どのような証拠意見を述べるか
刑事裁判において,裁判官が取り調べる証拠には証拠能力がある必要があります。
また,不必要な証拠は裁判で取り調べられるべきではありません。
検察官が証拠として取調べることを請求する証拠に対しては,弁護人に意見が求められます。
犯罪の成立や被害者の述べる被害内容に争いがなく,証拠の内容自体に争いがない。
そうであっても,安易に供述調書に同意したり,証拠物の取調べや証人尋問の実施に反対しなかったりすべきではありません。
証拠意見の実例―放火未遂事件
具体例として,犯罪の成立自体に争いがない現住建造物の放火未遂事件において,検察官は近隣の住民の方々の供述調書を証拠として取調べるよう請求したとします。

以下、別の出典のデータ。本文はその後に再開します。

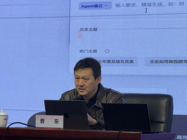 上海建桥学院博士后、高级工程师曹东以《AI赋能“精准育人”:上海民办高校辅导员的实践蓝图与伦理坚守》为题作报告。他介绍了人工智能的发展历程,讲解了AI如何助力辅导员“精准育人”,重点讲解演示辅导员如何运用AI提升工作效率,提高育人效果。
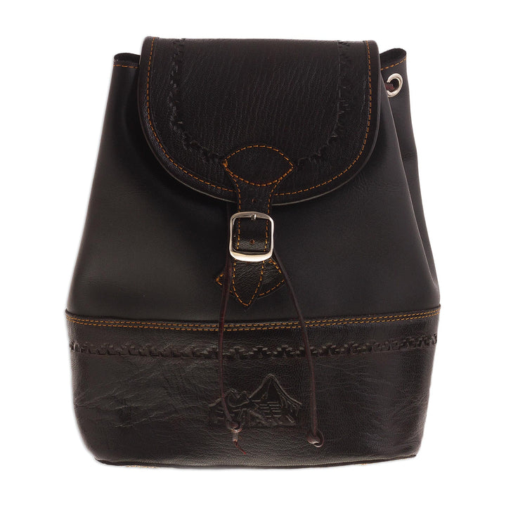 Machu Picchu Journey Handcrafted Leather Backpack in Black from Peru
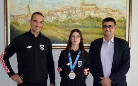 Anđelina Videc iz kickboxing kluba Buja (KBK Buje), nakon sjajnog nastupa na Svjetskom prvenstvu i osvojene brončane medalje u Jesolu, pozvana je od strane gradonačelnika Vižintina, kako bi joj osobno čestitao i uručio znak pažnje.
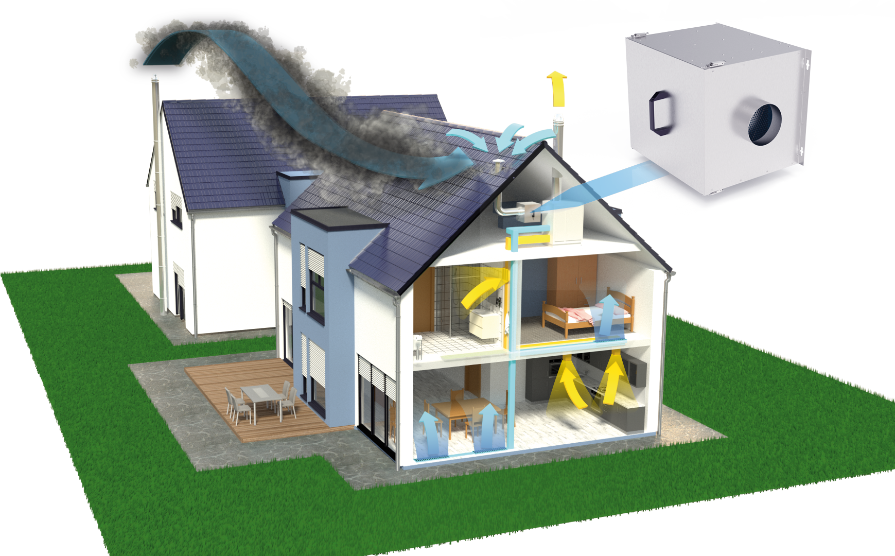 Die mit Rauchen belastete Außenluft kann je nach Witterung und Windrichtung von KWL-Anlagen angesaugt werden. Die üblichen Standardfilter in KWL-Anlagen sind i.d.R. nicht in der Lage den Eintrag von Rauchen und Gerüchen in Wohngebäude zu verhindern. Hier finden sich in der Regel Filter der Klassen ISO Coarse und ePM2.5. Leider erreichen viele als ePM1 deklarierte Filter die nominelle Klasse designbedingt meist nicht unter den Einsatzbedinungen. Gegen Kaminrauch und -gerüche sind die üblich verbauten Filter nicht oder nur sehr eingeschränkt wirksam.So kann schnell der eigene Kamingeruch oder der des Nachbarn über die Zuluft eingetragen und im Haus verteilt werden. Neben der Geruchsbelästigung werden auch erhebliche Mengen von Feinstaubpartikeln angesaugt, was die Qualität der Innenraumluft erheblich beeinträchtigt.

内容は,すぐ近所で放火事件が起きて怖い思いをしたり,煙などによる被害を被ったりしたとするもので,その被害内容自体には争いないものです。
放火の罪は,公共の危険に対する罪と言われます。
検察官において,このような近隣の方々の被害や処罰感情を内容とする供述調書の証拠調べ請求や,証人請求も行われることも多いものといえます。
しかし,放火自体は未遂にとどまったにもかかわらず,近隣住民の方々の供述内容まで証拠とすることは,不必要であるといえます。
また,現住建造物の放火未遂事件は,裁判員裁判において審理される事件です。
実際には未遂にとどまっているにもかかわらず,近隣住民の方々の被害や処罰感情を内容とする供述を取調べることで,既遂の放火の罪を犯したのと同じというような不当な印象を与え,不当に重く処罰される危険性が考えられます。
供述内容自体に争いがないとしても,判断に不当な影響を与えるものとして関連性がない,また必要性もないとして,証拠として採用されないよう活動すべきです。
検察官の証拠調べ請求に対しては,証拠の内容に争いがあるかどうかはもとより,証拠の関連性や必要性なども検討して,安易に証拠として取り調べられることがないよう適切に対応すべきです。